IP&TV News talks MENA and OTT with Mukund Cairae (CEO, Middle East North Africa, Turkey & Pakistan, Zee). Cairae is a confirmed speaker for this year’s TV Connect MENA (2-3 November 2015 Jumeirah Beach Hotel, Dubai).
IP&TV News: Hi Mukund. How has Zee’s presence in the Middle East developed since last year’s TV Connect MENA?
Mukund Cairae: We are opening up new markets in North Africa like Morocco and Egypt from a content perspective. Indian content on local channels has increased viewership for the channels and made entry inroads for us as content providers. Both female and male audiences are viewing the content and appreciating the art of Indian story telling with social dramas as well as grand production values. The family ethic which is the core part of all Indian series is one that finds resonance with the Arabic audiences.
And looking more broadly at the region, how much has MENA connected entertainment evolved over the last year?
Anytime viewing can now be called as “my time” viewing.
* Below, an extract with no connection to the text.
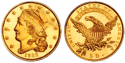 Gold 5 Dollars (Half Eagle) 1834-38.
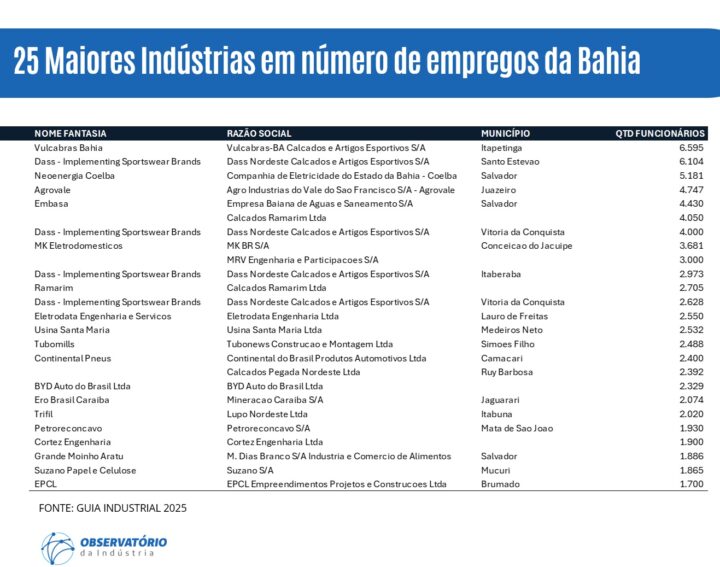 As indústrias seguem como um dos principais motores de geração de empregos na Bahia, com milhares de postos distribuídos por diferentes regiões do estado. Levantamento do Guia Industrial da FIEB aponta as 25 maiores empregadoras do setor, revelando a força de segmentos como calçados, energia, saneamento e construção.

Due to better connectivity, audiences are spending 30% more time on media (mainly digital) and this viewing is from a new viewer thereby increasing video consumption. It is a matter of time before which advertisers should be consolidating video views across mediums to use as an effective way to communicate their brands rather than just linear TV. However I believe that share of mind is going to be even more difficult to manage in the coming years. The minimum number of brands that one is exposed to in a day is over 3000 here. How does a brand stand out to create an impact in the mind of a consumer will now not just be a function of great content creativity or high frequency, but also of smart media planning and focussed consumer targeting. Add to that the diminished capacity of an individual to hold a coherent thought for more than 30 seconds at a time – maybe an exaggeration but attention deficit will be an interesting phenomenon for planners to study in the future.
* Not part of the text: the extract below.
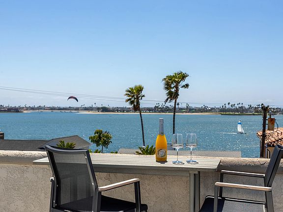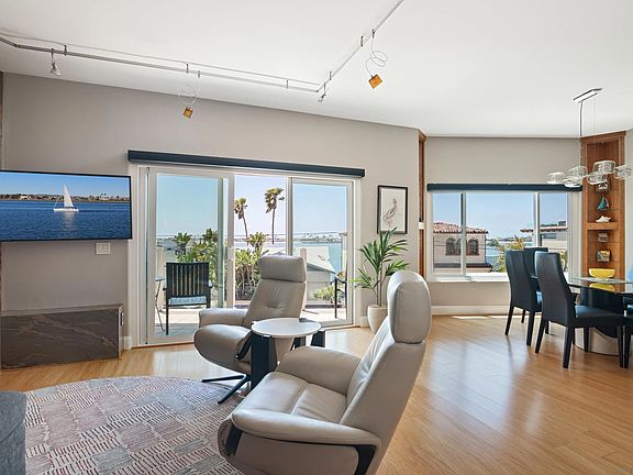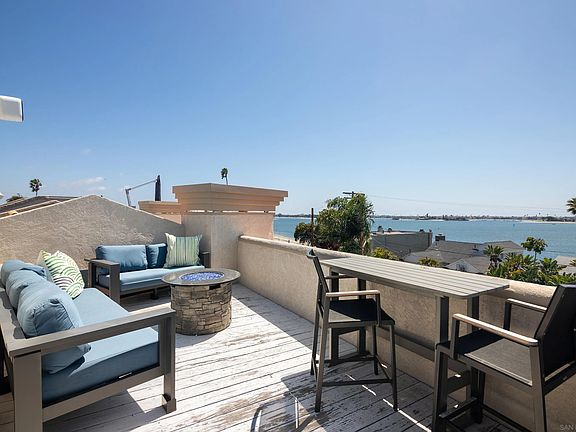 Step into effortless coastal comfort at this multi-level Pacific Beach condo, perfectly positioned just steps from the bay and a short walk to the beach. Designed for extended stays, this residence offers ocean-view living with a relaxed yet refined aesthetic throughout. The main level features a bright and inviting living area with plush seating, a cozy fireplace, and access to a balcony where you can enjoy a glimpse of the ocean beyond the palms. Upstairs, the spacious primary suite features a king bed, custom built-ins, a fireplace, and a private balcony with partial ocean views. The second bedroom offers a queen bed and built-in shelving, while the third bedroom doubles as a home office with a full-size Murphy bed, perfect for flexible use during your stay. Three full bathrooms are conveniently located throughout, all with tasteful, functional finishes. At the top of the home, the private rooftop deck offers a true escape, complete with comfortable seating, a fire pit, and panoramic views of the ocean and bay. Whether you're sipping morning coffee or watching the sun set over the water, this space invites you to relax and take it all in. Additional comforts include central air and heat, in-unit laundry, two parking spaces in the garage, and street parking available. With its unbeatable location, ocean outlooks, and thoughtfully designed layout, this Pacific Beach retreat is an ideal coastal home for an extended stay. This is a furnished seasonal rental. Pricing varies by length of stay and seasonality. Published amounts are range estimates only. Final pricing, fees, and availability are subject to change until a fully executed lease agreement. Please inquire for exact quote and terms.

Do you think the next twelve months will see a significant influx of new services into the region?
OTT services have seen launches in the last year or so and service improvisations in the same should be seen in the time ahead. A lot of VCs are backing such services in addition to existing content distribution platforms. The price war for the right content in the next year will be interesting to see especially since pay-TV is barely a single digit percentage in the region. PPV and SVOD would now be seen as P&L units in the distribution platforms as opposed to marketing or retention initiatives.
What new market trends excite you and present new opportunities to Zee?
At Zee we are extremely excited to be part of the digital wave of content consumption. Zee Alwan content on the largest VOD platform in the Middle East has increased lifetime views about 15 times already in the last 7 months and we are looking to close about 500 million views by the end of the year. This presents a growth opportunity to us that is essential to our presence in the region. Local content production is another vertical that we are interested in and are looking to co-produce Arabic content for the coming year.
You’ve been to TV Connect MENA before. What makes the event such an important date in the diary?
The timing of the event is unique indeed – at the end of the year. Participation in the event by broadcasters, content owners, aggregators and technology providers all under one roof make this an extremely valuable part of the media calendar.